Only these lines of the data below are wanted: the one with "パナソニック LGD1302LLE1 ユニバーサルダウンライト", the one with "- 빈티지한 체크 원단에 밑단 프릴 디테일을 더한 7부 기장의 롱슬리브", and any lines between them, each repeated exactly.

» Exercise data:
---+---

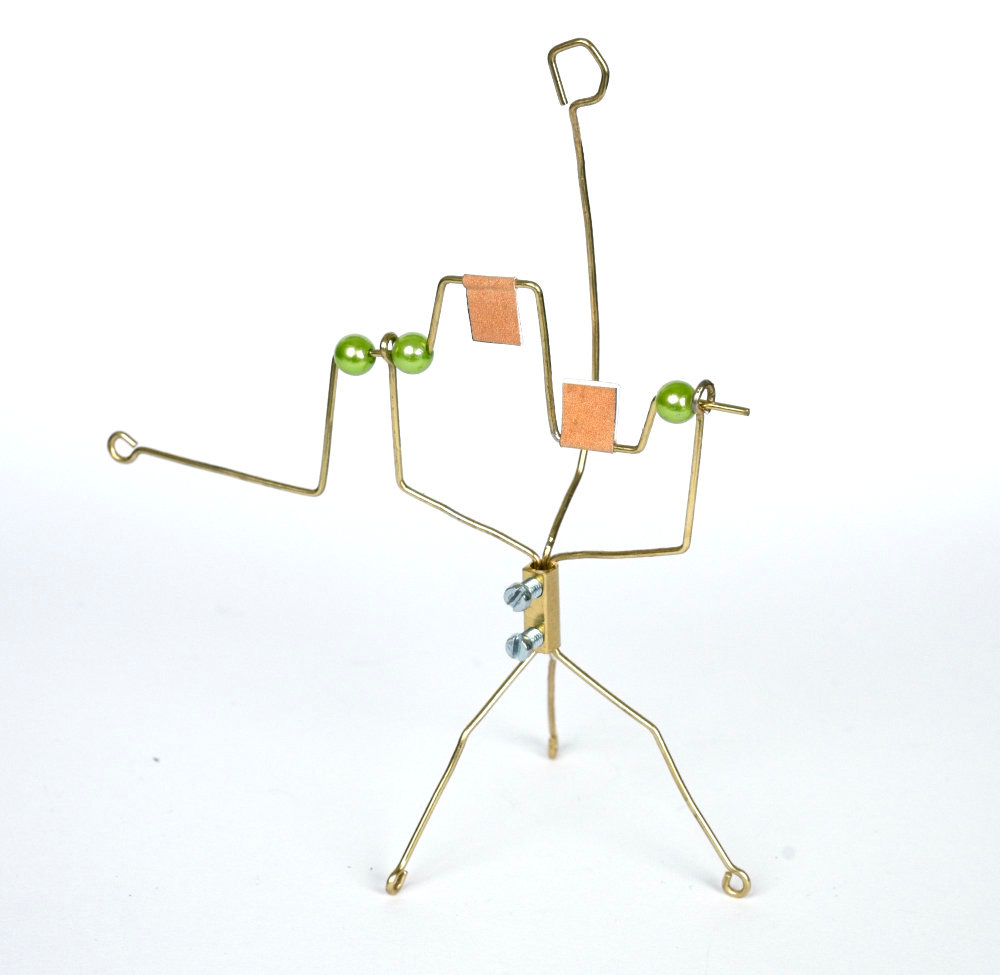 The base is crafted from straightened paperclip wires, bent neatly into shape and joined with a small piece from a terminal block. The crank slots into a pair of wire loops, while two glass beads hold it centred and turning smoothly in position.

---+---

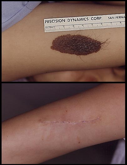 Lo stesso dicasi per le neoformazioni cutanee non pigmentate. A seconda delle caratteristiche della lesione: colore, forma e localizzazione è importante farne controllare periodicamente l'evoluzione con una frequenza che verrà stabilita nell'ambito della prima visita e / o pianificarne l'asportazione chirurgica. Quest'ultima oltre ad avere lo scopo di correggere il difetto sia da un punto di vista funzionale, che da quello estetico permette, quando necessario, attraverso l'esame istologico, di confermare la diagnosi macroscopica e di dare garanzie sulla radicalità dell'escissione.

---+---

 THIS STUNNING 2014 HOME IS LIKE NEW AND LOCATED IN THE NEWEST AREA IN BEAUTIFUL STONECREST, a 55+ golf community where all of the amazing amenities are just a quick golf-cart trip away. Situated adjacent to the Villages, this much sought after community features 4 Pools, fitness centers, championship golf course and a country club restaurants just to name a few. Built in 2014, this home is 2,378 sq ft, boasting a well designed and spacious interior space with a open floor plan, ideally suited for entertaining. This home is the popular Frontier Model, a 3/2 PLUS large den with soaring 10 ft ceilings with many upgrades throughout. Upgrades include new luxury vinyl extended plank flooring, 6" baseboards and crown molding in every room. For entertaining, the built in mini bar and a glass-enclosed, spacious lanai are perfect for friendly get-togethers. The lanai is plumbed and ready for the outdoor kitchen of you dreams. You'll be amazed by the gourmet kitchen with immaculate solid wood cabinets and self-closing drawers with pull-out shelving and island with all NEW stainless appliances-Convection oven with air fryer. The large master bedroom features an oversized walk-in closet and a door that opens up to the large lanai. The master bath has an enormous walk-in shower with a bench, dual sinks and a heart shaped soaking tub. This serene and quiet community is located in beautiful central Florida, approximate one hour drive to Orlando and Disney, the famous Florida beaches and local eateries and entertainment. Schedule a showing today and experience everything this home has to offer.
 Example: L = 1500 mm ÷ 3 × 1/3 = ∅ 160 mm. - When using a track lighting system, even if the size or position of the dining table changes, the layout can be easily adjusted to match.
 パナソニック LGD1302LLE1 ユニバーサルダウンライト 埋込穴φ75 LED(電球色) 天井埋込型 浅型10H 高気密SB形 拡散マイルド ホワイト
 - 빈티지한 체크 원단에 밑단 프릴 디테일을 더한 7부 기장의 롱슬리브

---+---

» Answer space:
 パナソニック LGD1302LLE1 ユニバーサルダウンライト 埋込穴φ75 LED(電球色) 天井埋込型 浅型10H 高気密SB形 拡散マイルド ホワイト
 - 빈티지한 체크 원단에 밑단 프릴 디테일을 더한 7부 기장의 롱슬리브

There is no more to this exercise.